Searching for opportunities to advance one’s academic and professional careers is hard today in our technologically-filled society. Many struggle to find beneficial material and resources among the marketing schemes looking for revenue. The most logical answer for students is to turn to campus resources, such as events hosted at the MSC (Millennium Student Center). However, many companies hosting campus events looking for student involvement fail to provide long-term benefits for students’ professional careers.
Most information presented to students is filled with fluff and lacks real resources that benefit students during their educational career. This pattern was recently covered by Lilly Warden while reviewing The UMSL Fall Internship and Job Fair. Overall, events being hosted at UMSL like these do not give students anything tangible to walk away with and are not worth the price tag it sometimes comes with. There are few opportunities for students to find anything about their academic and future professional careers. Rather, events coach students on how to be mindful and emphasize choosing a positive outlook on life, something that has been taught countless times before.
On Sept. 26, I was invited to attend a conference hosted by The Association for Training Development on the UMSL campus. The event was advertised as an opportunity to learn new skills for professional development. The Association for Training Development, also known as ATD, is a professional membership organization that serves to benefit those developing talent in the workplace. They have over 30,000 members and a local chapter here in St. Louis. Upon first impressions of the opening event, I would say that this does not matter to us as students.

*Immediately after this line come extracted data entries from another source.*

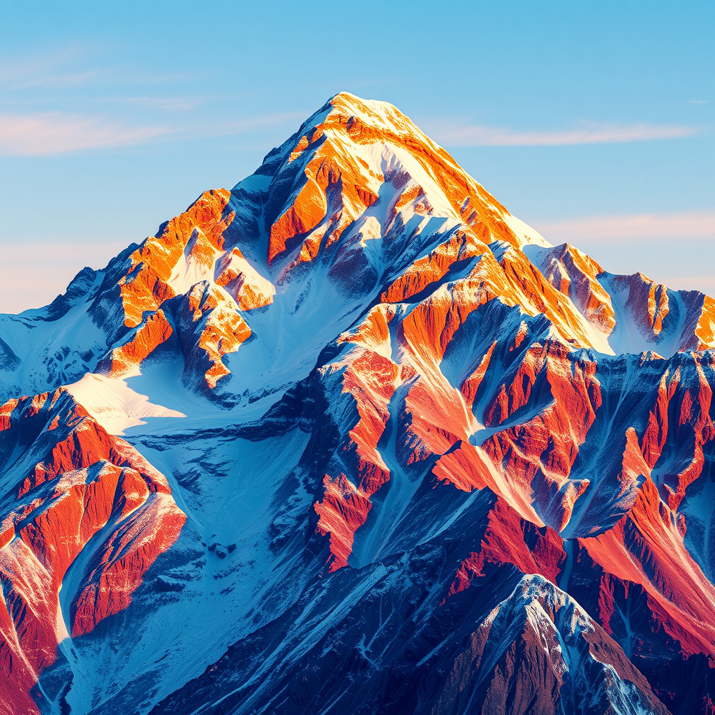 Mount Everest depicted as captivating illusory wallpaper, showcasing vibrant realism through modular designs and intense close-ups, ultra-high-definition imagery, rich with detail and depth, presenting the majestic mountain in a feast of color and form, evoking the grandeur of nature on a massive scale, panoramic view, mesmerizing patterns intertwining throughout.
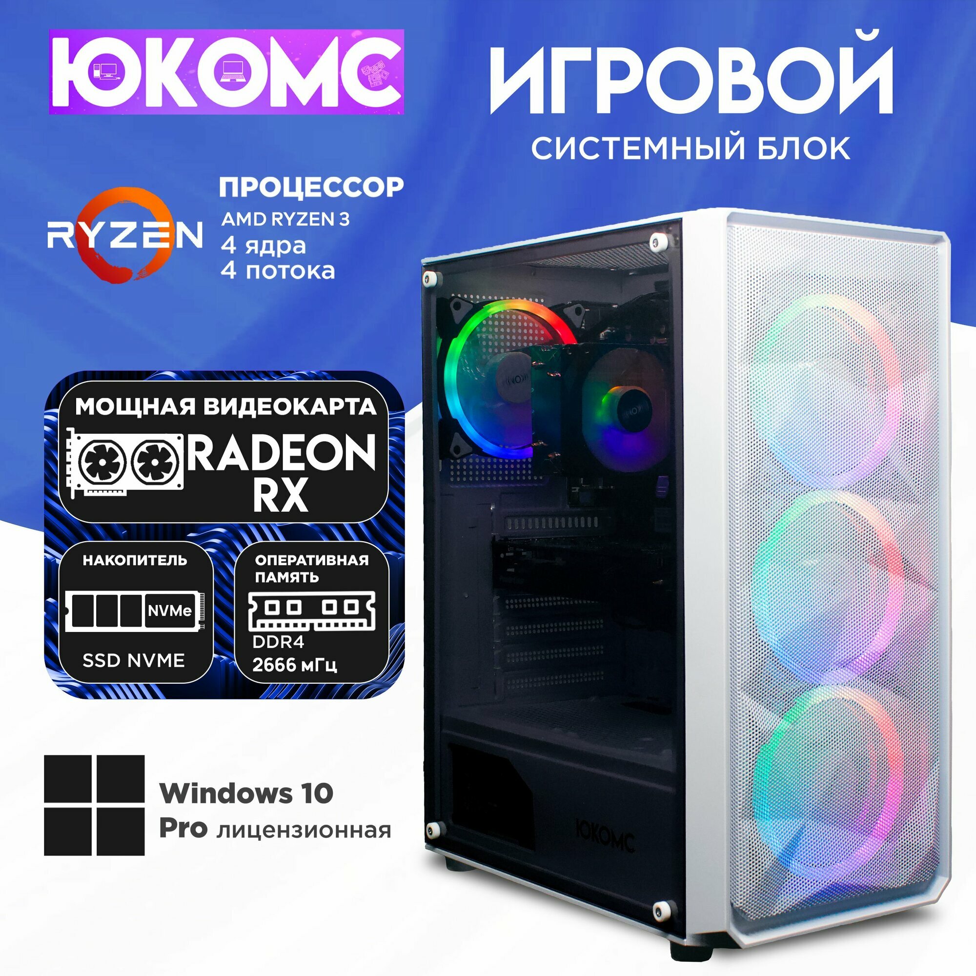 Игровой компьютер юкомс Ryzen 5 1400, RX 570 8GB, SSD 256GB, 16GB DDR4, БП TT450 450W, win 10 pro, Игровой юкомс белый
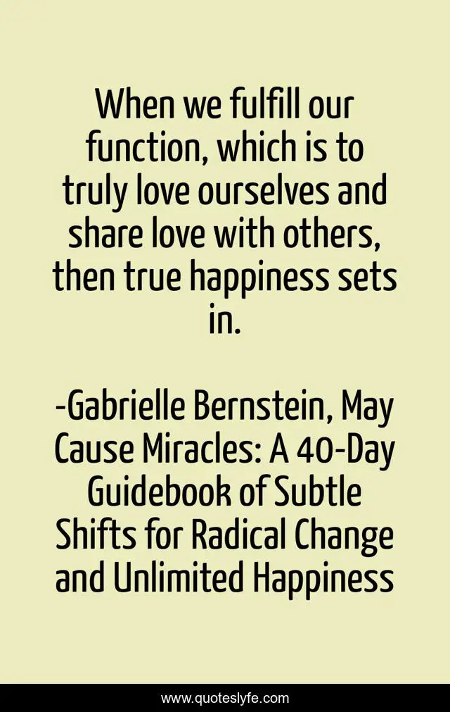 This page presents the quote "When we fulfill our function, which is to truly love ourselves and share love with others, then true happiness sets in.". Author of this quote is Gabrielle Bernstein, May Cause Miracles: A 40-Day Guidebook of Subtle Shifts for Radical Change and Unlimited Happiness. This quote is about sharing-love, self-love, purpose, happiness,.
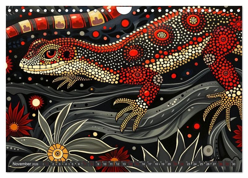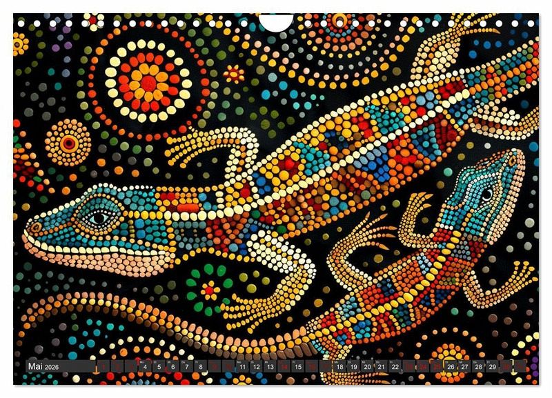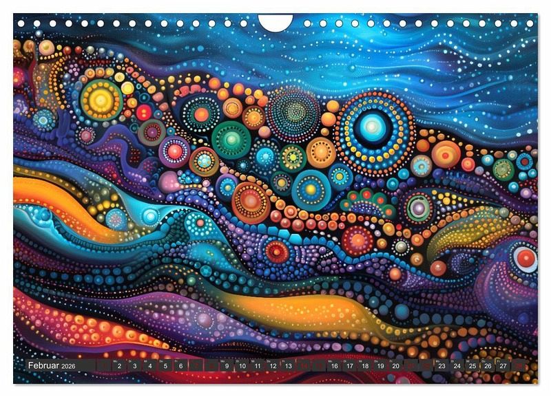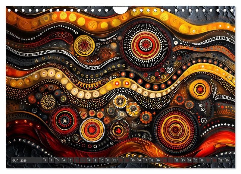 Unser einzigartiger Kalender bringt die faszinierende Welt der traditionellen Aborigines-Kunst zu Ihnen nach Hause. Punktkunst, auch bekannt als Dot Painting, hat ihre Wurzeln in den alten Zeremonien und Körperbemalungen der australischen Ureinwohner. Diese Kunstform erzählt geheime und heilige Geschichten aus der Traumzeit, der mythischen Schöpfungsperiode der Aborigines.
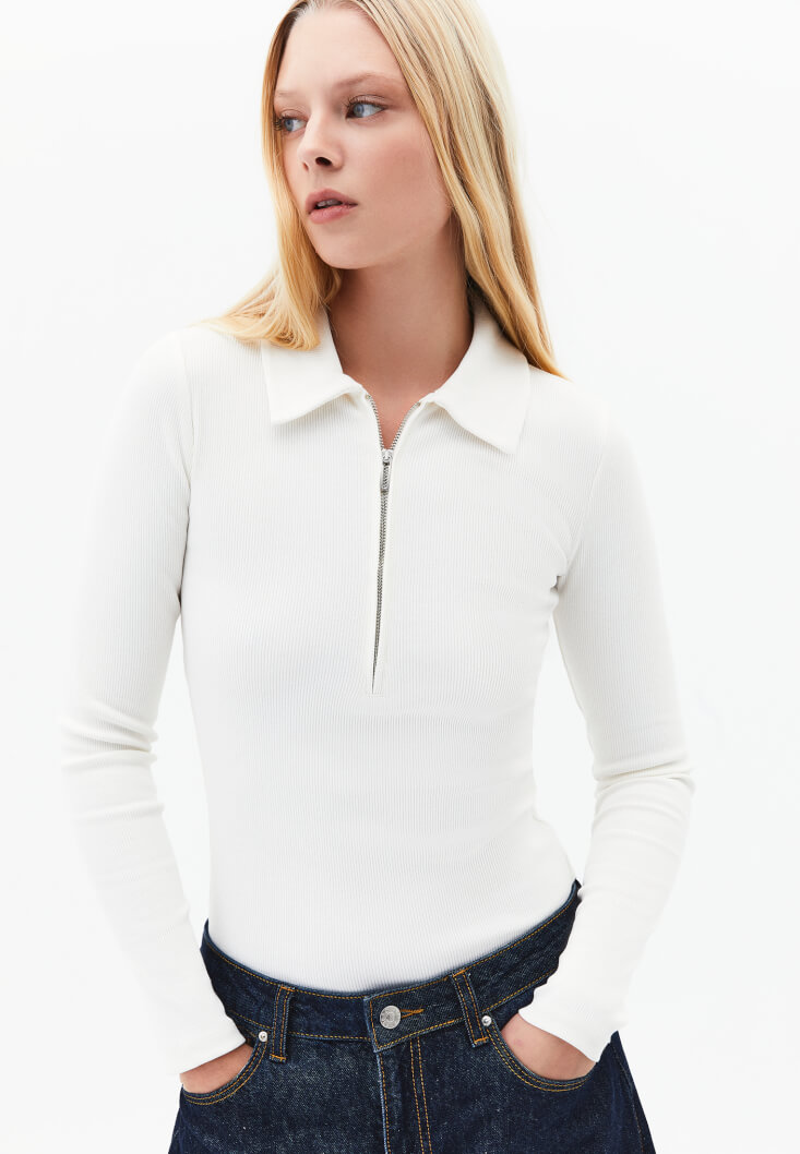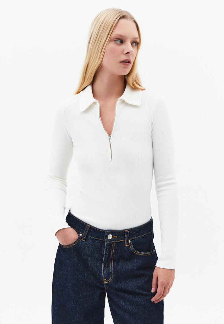 Pamuk karışımlı içerik, bedeni saran esnek fit, jakarlı doku, fermuarlı polo yaka, uzun kollu.
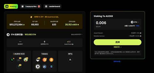 完成之后,返回任务页面,进行验证。4、完成质押打开质押页面,使用钱包登录。质押支持以太坊、Arbitrum、BTC以及Solana链,这里我们可以选择Arbitrum链,质押少量资产。目前ALIENX的treasure box活动中,质押不小于20u的资产,质押完成后顺便还可以获得treasure box并可以开出vAIX代币(质押页面点treasure box链接),后续也是箜杸的重要参考。
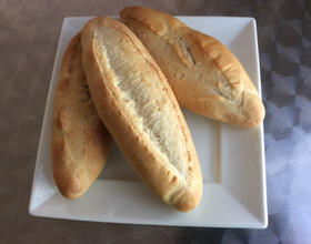 - 6. 在面包中间用刀划一条线,放入预热至420度F的烤箱中,烤箱下层可放一盆热水,并喷些水在烤箱中,以增加水蒸汽,同时面包表面也喷些水,烤8分钟后拖出烤盘再喷水在面包表面,继续烘烤,全程约20-25分钟,或至表面上色。
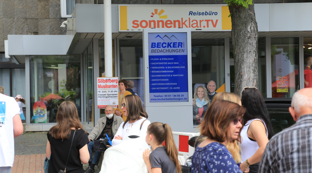 Eingesetzt werden in diesem Anwendungsbereich Displays mit outdoorfähigen Monitoren un einer Bildschirmdiagonalen von 55″, 75″ oder 85″.

The opening presentation by keynote speaker Justin Jones-Fosu was a passionate and personal performance that proved to engage the audience. The hour-long introduction was anything but boring, including drums and jump rope charades, but it was hard to see how anything shared would apply to the student body. It seemed that the target audience for this event was the average American corporate worker looking to find purpose in their life. This membership’s main value is in networking opportunities, which are only applicable to students seeking careers in training and development.
Another alarming factor was the cost of entry. A ticket for a student costs $100, and non-members are charged $300. Instead of paying $100 per conference, students have the option to enroll in a monthly membership fee.
One of the first things I noticed upon checking in for this event was the member ribbons displaying different “ranks” that people were encouraged to grab and clip to their name tags to display their status. These membership options are “tailored to meet your unique needs and aspirations” based on how much money you are willing to pay for a conceptual membership status. The lowest membership tier comes in for students at $129 a year. To upgrade and gain access to 99 extra micro-courses of who knows what, it costs students $299 a year.
If I’m spending over $100 a year for a membership “promoting workplace learning and development,” I want to make sure my money is being well spent towards my professional career.
To get a better idea of what ATD represents and how students could benefit I talked with Justin, the keynote speaker. Here is what he had to say.
What inspired you to bring this kind of work to people speaking at conferences?
In my early career, I made a decision to ask two questions. Who is the only person I can control and what do I want to get out of this experience? I realized that (the answer) was in alignment with the research, the research that talked about meaningful work and that we can bring our own rhythm to the work that we do and the lives that we live. I want to help people see very practical tangible ways to get into that and do it and so that’s where Work to a Different Beat came to be at different conferences.
What key takeaways do you want students to have from this event, who do not necessarily know where they are going to end up post-graduation. How can ADT help on this journey?
I think that students [should] adopt the growth mindset by Carol Dwek, she talks about two different things: fixed-based mindset and growth-based mindset. Fixed fixed-based mindset is when people only do things that they’re good at compared to other people and only do things that make them look good. They see failure as final. Growth-based mindsets are types of people who look at failure as just another data point of learning. Their only competition is themselves. Those are the things I want students to adopt. How do you grow? You grow by failing, by challenging yourself. You don’t have to have it all figured out right, it’s not about having the right major. I was a marketing major, do I use marketing now, yes, but is that what I do, no. We’ve conditioned people, especially students, to [have a] fixed-based mindset so they think a failure is final.
There are a lot of hares in society, and they may look faster initially, but it is about building a foundation, the character, the longevity, the learning and the growth that gets us to that long-term vision. That’s what I would encourage them to do is adopt this tortoise and the hare principle. The tortoise wasn’t slow. We’ve gotten that wrong all these years. The tortoise was strategic. We only called the tortoise slow when compared to the hare, and we saw who won the race.
Why is this here? Why would students pay for this resource now or in the future?
Association in Training Development (ATD) can be helpful if it’s a field that students want to go into. If they want to go into corporate training, coaching or some aspect of development in organizations–it can be really helpful in learning the foundations. It’s a part of that growth mindset. I was an ATD student member when I was in college. It really did build a foundation of learning and help me in my career to go into corporate training. If that’s the area that people want to go into, I think they can learn from people that are in it, hear experiences, and get exposed through internships. It just gives you a different perspective and information that could be helpful as you go.